*Recorded information:*
● ● ●

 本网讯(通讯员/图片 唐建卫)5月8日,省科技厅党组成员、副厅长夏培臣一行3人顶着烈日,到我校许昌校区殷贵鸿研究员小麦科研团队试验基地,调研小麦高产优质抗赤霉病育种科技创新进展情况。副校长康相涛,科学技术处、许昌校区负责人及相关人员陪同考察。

● ● ●

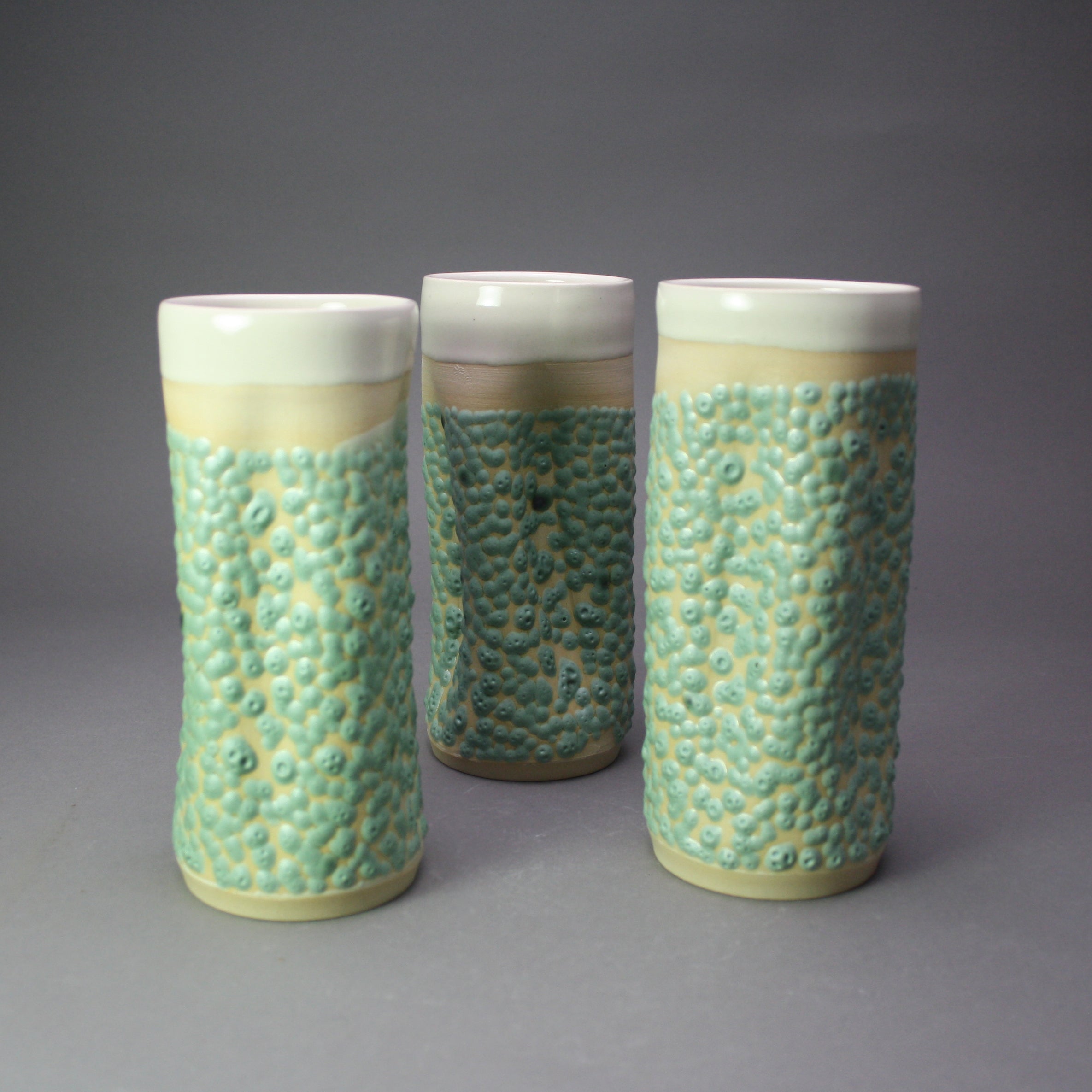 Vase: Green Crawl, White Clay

● ● ●

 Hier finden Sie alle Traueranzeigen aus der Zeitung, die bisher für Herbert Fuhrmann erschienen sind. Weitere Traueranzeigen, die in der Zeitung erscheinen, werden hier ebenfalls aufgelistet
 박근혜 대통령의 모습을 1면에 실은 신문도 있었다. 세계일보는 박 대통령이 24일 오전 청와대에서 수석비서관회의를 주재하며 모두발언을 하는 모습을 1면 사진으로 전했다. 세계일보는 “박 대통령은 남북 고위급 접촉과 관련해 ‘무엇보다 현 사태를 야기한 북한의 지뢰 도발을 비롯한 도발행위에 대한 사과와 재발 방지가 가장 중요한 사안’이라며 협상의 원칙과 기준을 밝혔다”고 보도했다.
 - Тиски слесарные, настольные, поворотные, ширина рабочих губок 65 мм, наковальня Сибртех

● ● ●

*What the task asks:* Take the entries above and return only the lines from the one with "Hier finden Sie" to the one with "박근혜 대통령의 모습을", both included, unchanged.

*Exercise answer:*
 Hier finden Sie alle Traueranzeigen aus der Zeitung, die bisher für Herbert Fuhrmann erschienen sind. Weitere Traueranzeigen, die in der Zeitung erscheinen, werden hier ebenfalls aufgelistet
 박근혜 대통령의 모습을 1면에 실은 신문도 있었다. 세계일보는 박 대통령이 24일 오전 청와대에서 수석비서관회의를 주재하며 모두발언을 하는 모습을 1면 사진으로 전했다. 세계일보는 “박 대통령은 남북 고위급 접촉과 관련해 ‘무엇보다 현 사태를 야기한 북한의 지뢰 도발을 비롯한 도발행위에 대한 사과와 재발 방지가 가장 중요한 사안’이라며 협상의 원칙과 기준을 밝혔다”고 보도했다.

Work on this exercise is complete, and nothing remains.